9. One would have thought that in response to the reviewers' comments, the revised manuscript would be more careful about the claims that it makes for the inverse modeling method. Instead, the opposite has happened; the claims have become even bolder (but without more substantial evidence to support them). For example, section 5 now says that the model can be used to "update system states" in real-time flood forecasting. No clear evidence is presented to show that this works as intended, or that it improves flood forecasts; instead the reader is simply told that the system states in the inverse model will always guarantee that the simulated runoff is identical to the observations. This may be true, but it does not demonstrate that those system states are the right ones, particularly because the system states are generated by the entire time series of (presumably flawed) precipitation and discharge measurements. So even if the simulated runoff is identical to the observations, this result could arise not because the system states are correct, but instead because the model can adjust the assumed rainfall rate to compensate for the system states being wrong.
The reader is also told that the method could be used to generate "nowcasting fields" of rainfall for short-term flood forecasting.

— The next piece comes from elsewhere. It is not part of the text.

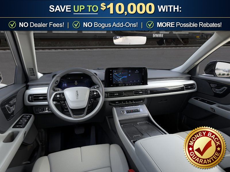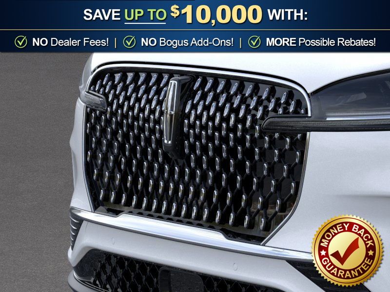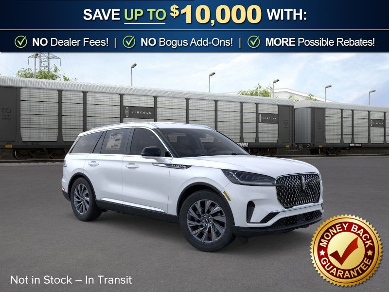 Dealer Discount of $318 off MSRP Pristine White Metallic Tri-Coat 2026 Lincoln Aviator Premiere NLT AWD 10-Speed Automatic 3.0L V6 10 Speakers, 3rd row seats: split-bench, 4-Wheel Disc Brakes, ABS brakes, Adaptive suspension, Air Conditioning, Alloy wheels, AM/FM radio: SiriusXM, Apple CarPlay/Android Auto, Audio memory, Auto High-beam Headlights, Auto-dimming door mirrors, Auto-dimming Rear-View mirror, Automatic temperature control, Brake assist, Bumpers: body-color, Compass, Delay-off headlights, Driver door bin, Driver vanity mirror, Dual front impact airbags, Dual front side impact airbags, Electronic Stability Control, Emergency communication system: 911 Assist, Four wheel independent suspension, Front anti-roll bar, Front Bucket Seats, Front Center Armrest, Front dual zone A/C, Front reading lights, Fully automatic headlights, Garage door transmitter, Heads-Up Display, Heated door mirrors, Heated Front Driver and Passenger Seats, Heated front seats, Heated steering wheel, HVAC memory, Illuminated entry, Knee airbag, Leather steering wheel, Lincoln App, Lincoln BlueCruise Equipped (4-Years Included), Lincoln Connectivity Package (4-Years), Lincoln Digital Experience, Lincoln Soft Touch Comfort Seats, Low tire pressure warning, Memory seat, Navigation system: Google Maps, Occupant sensing airbag, Outside temperature display, Overhead airbag, Overhead console, Panic alarm, Passenger door bin, Passenger vanity mirror, Power door mirrors, Power driver seat, Power Liftgate, Power passenger seat, Power steering, Power windows, Radio data system, Radio: Lincoln Premium AM/FM/HD Audio System with 10 Speakers, Rain sensing wipers, Rear air conditioning, Rear anti-roll bar, Rear audio controls, Rear reading lights, Rear window defroster, Rear window wiper, Remote keyless entry, Security system, SiriusXM, Speed control, Speed-Sensitive Wipers, Split folding rear seat, Spoiler, Steering wheel mounted A/C controls, Steering wheel mounted audio controls, Tachometer, Telescoping steering wheel, Tilt steering wheel, Traction control, Trip computer, Turn signal indicator mirrors, Variably intermittent wipers, Wheels: 20" Magnetic Bright-Machined Aluminum.

Never mind the rather clear circularity involved (one needs measurements of discharge in order to estimate rainfall, in order to predict discharge, which has already been measured anyway). In any case the reader is not shown any evidence that this works, in any way that would be useful for forecasting. Thus what has been presented is simply speculation, but appears in the manuscript's "summary and conclusions".
Indeed, Figure 12 shows that estimated rainfall rates during extreme events can be wrong by a factor of two or more. This result would seem to argue rather clearly against the claims that are advanced starting on line 712.

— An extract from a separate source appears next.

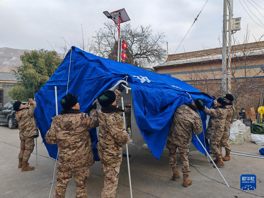 12月20日,武警甘肃总队临夏支队官兵在积石山县刘集乡高李村搭建帐篷。

10. The manuscript completely side-steps the issue of parameter uncertainty and equifinality, saying that the issue is important but is outside the scope of the paper. If the issue is important, why not make space for it? One can understand that a full exploration of parameter uncertainty in a 12-parameter model would be a substantial undertaking, but there is no good reason for avoiding the topic entirely, and not even presenting some illustrative results.
11. In summary: the general idea presented here is interesting, but it should be rigorously tested. The results of those tests should be openly and fairly presented, and only claims that can be rigorously supported should be made. If the paper is published, the source code, data sets, and all numerical results should be made available as online supplementary information, so that other researchers can verify the findings.